# Please help identify ^^



## GoJamieGo (Mar 18, 2005)

I just picked this guy up at the LFS. He was sold to me a black rhom. This fish seemed very pissed off even while he was in the bag. Every time I would lift the bag up to look at him, he kept pushing towards me like a aggressive cichlid would. Within 10 minutes after I put him in his tank he started going after all 6 of my red tetras. I put in a shrimp to see if it would calm him down and he tore it up. It was a frozen shrimp bigger than a ghost shrimp with the shell. I was wondering if you guys could help me identify my new fish. Thanks









Regards

Jamie

PS sorry about the bad pics. The little bugger WILL NOT stay still. He's still in the bag in the first pic. The litle dude is about 2inches.


----------



## Joga Bonito (Oct 30, 2004)

nice


----------



## GoJamieGo (Mar 18, 2005)

henry 79 said:


> nice
> [snapback]956215[/snapback]​


Thanks Henry.... Do you think its a rhom?


----------



## Joga Bonito (Oct 30, 2004)

looks like it to me... but i might be wrong


----------



## Judazzz (Jan 13, 2003)

I think he's still too small to properly ID (that Tetra in the background is hardly smaller







)
It's a Serrasalmus, but to find out what species he needs to grow a bit more first.

Nice little fishy though, no matter what it is


----------



## GoJamieGo (Mar 18, 2005)

Thanks Judazz.

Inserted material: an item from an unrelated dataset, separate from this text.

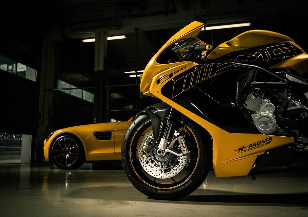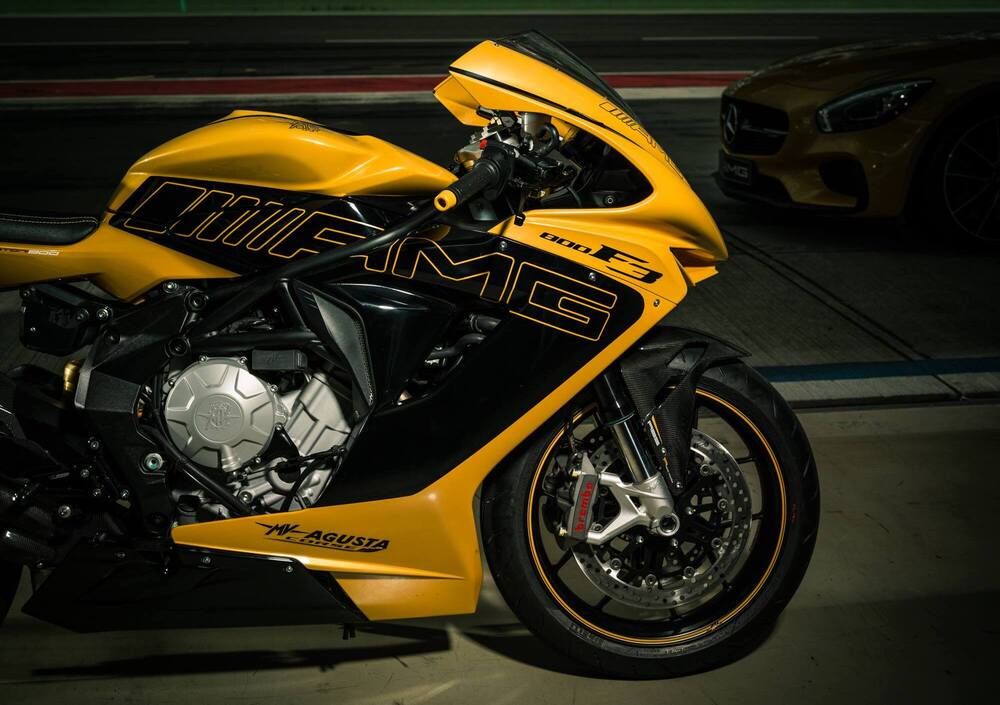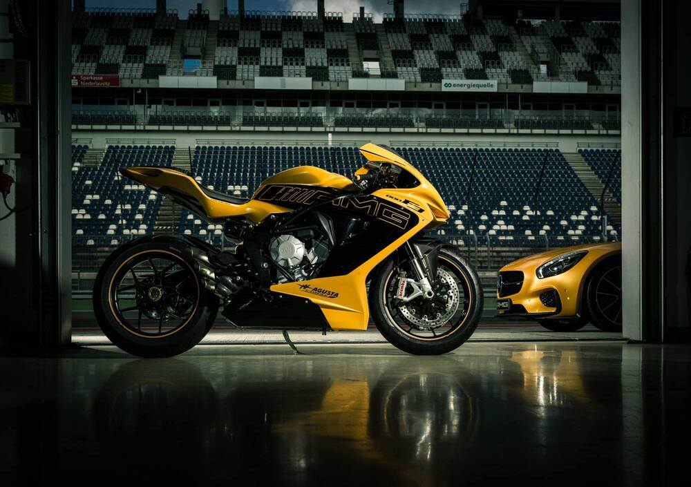 MV abbandona il classico colore rosso e grigio, caratteristico del marchio della casa di Schiranna, per lanciare una particolare colorazione gialla, AMG Solarbeam, che richiama la più sportiva Mercedes-AMG GT. A fare da contrasto il nero sul lato della carena e sul serbatoio, dove spicca in bella vista il logo AMG, presente anche sul cupolino. Parafango in carbonio, tappo del serbatoio racing e cuciture gialle sul sellino del guidatore e passeggero vanno ad aggiungere quel tocco di stile in più.

Here are more pics............ I hope these help.


----------



## Judazzz (Jan 13, 2003)

I wish I could help you, but no matter how many pics you post, I still believe for the time being he's too small to make a definite ID









If I were you, I'd just focus on keeping him healthy and content, and post some new pics once he's grown a few inches and colored up a bit - juvenile Serra's all look pretty much the same, and usually, the species-specific traits haven't developed yet.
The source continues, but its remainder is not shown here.